The role is called a durable power
of attorney. Dr. Frantz said their
children were fine with the decision.
"They don't live nearby and were
just as glad we didn't pick them."
Experts
say designating someone to have durable
power of attorney is a critical choice
because in the event of incapacity,
the appointee will have access to
and control over everything from tax
returns to payment of medical reimbursements.
A
similar role is assigned by designating
a medical power of attorney, which
varies in different states. The appointee
carries out a person's medical decisions
in case of incapacity.
"Oftentimes
the individual you would choose for
a medical power [of attorney] would
be very different [than a durable
power] because you would want different
qualities and characteristics,"
said Basha, the tax and estate planning
attorney. "I've had clients whose
kids say, 'I don't feel comfortable
knowing I pulled the plug on Mom or
Dad.

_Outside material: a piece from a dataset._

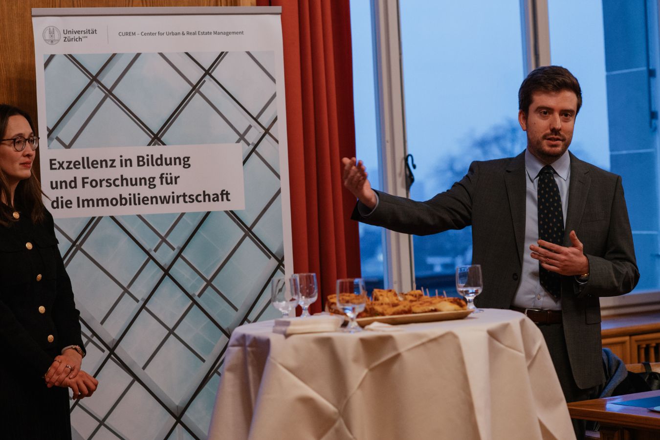 Am Montag, den 15. Dezember 2025, hielt Prof. Francisco Amaral seine Antrittsvorlesung zum Thema: When Shelter Becomes Strategy: Housing as an Asset. Die Veranstaltung wurde von Prof. Dr. Harald Gall, Dekan der Faculty of Business, Economics, and Informatics der Universität Zürich, eröffnet. In seiner Begrüssung betonte der Dekan die hohe gesellschaftliche und wirtschaftliche Bedeutung der Immobilienforschung: Wohn- und Immobilienmärkte prägen nicht nur individuelle Lebensentscheidungen, sondern wirken sich direkt auf Wohlstand, Chancengleichheit, Finanzstabilität und Stadtentwicklung aus. Vor diesem Hintergrund unterstrich er die strategische Bedeutung der Professuren im Bereich Real Estate Economics & Finance für die Universität Zürich. Zugleich hob er hervor, dass die UZH mit Prof. Francisco Amaral einen Wissenschaftler gewinnt, der in der internationalen Forschungsgemeinschaft bereits aussergewöhnliche Anerkennung geniesst und dem das Potenzial zugesprochen wird, das Feld nachhaltig mitzuprägen.

Don't ask me. I can't do it.'
"
She
said it was important to have an attorney
draft the documents that grant powers
of attorney so they can survive any
legal challenges. She also said it
was important to update the documents
at least every three to five years
to ensure their legitimacy.
Updating
the plan
Updating the estate plan every few
years can help ensure that names on
titles are correct and all property
is catalogued. Basha said updates
are especially critical following
a divorce because the former spouse's
name might remain on some assets.
Those items that were owned in joint
tenancy by a couple go to the surviving
spouse after the other's death unless
they have been retitled.
"Maybe
everything was OK when Dad was around,
but you take him away and suddenly
Dad's children don't get along with
Dad's wife," she said. "If
everything has been done and is in
place, that's the best legacy the
parent can leave the children. It's
to have cared enough to put their
own fear of mortality aside, to sit
down and say my children won't have
to pick up the pieces of this mess."
Basha
said estate plans succumb to legal
challenges when people try to do them
"on the cheap." She knew
a man who went to Bolivia to do his
estate planning because he thought
it would provide savings. Instead,
after his death, his estate racked
up a fortune in costs going through
probate in the United States.
But
challenges can arise to any estate,
especially if heirs feel confused
about the wishes of the deceased person,
said Kotzer, who co-authored the book,
"The Family Fight: Planning to
Avoid It." He recommends cataloguing
personal belongings, possibly even
videotaping them, so they can be easily
itemized and directed properly after
death. Also, he said it can be helpful
to leave directions for heirs about
where to find important documents
and other belongings such as keys.
Deb
Harper, MD, a pediatrician in Spokane,
Wash., said she and her husband periodically
talk to their children about the choices
they have made regarding estate planning.
"It's
certainly important within my family
not to have living members fall out
as a result of squabbling over something
that's left in the estate," Dr.
Harper said. "That's one of the
reasons we go over this pretty regularly.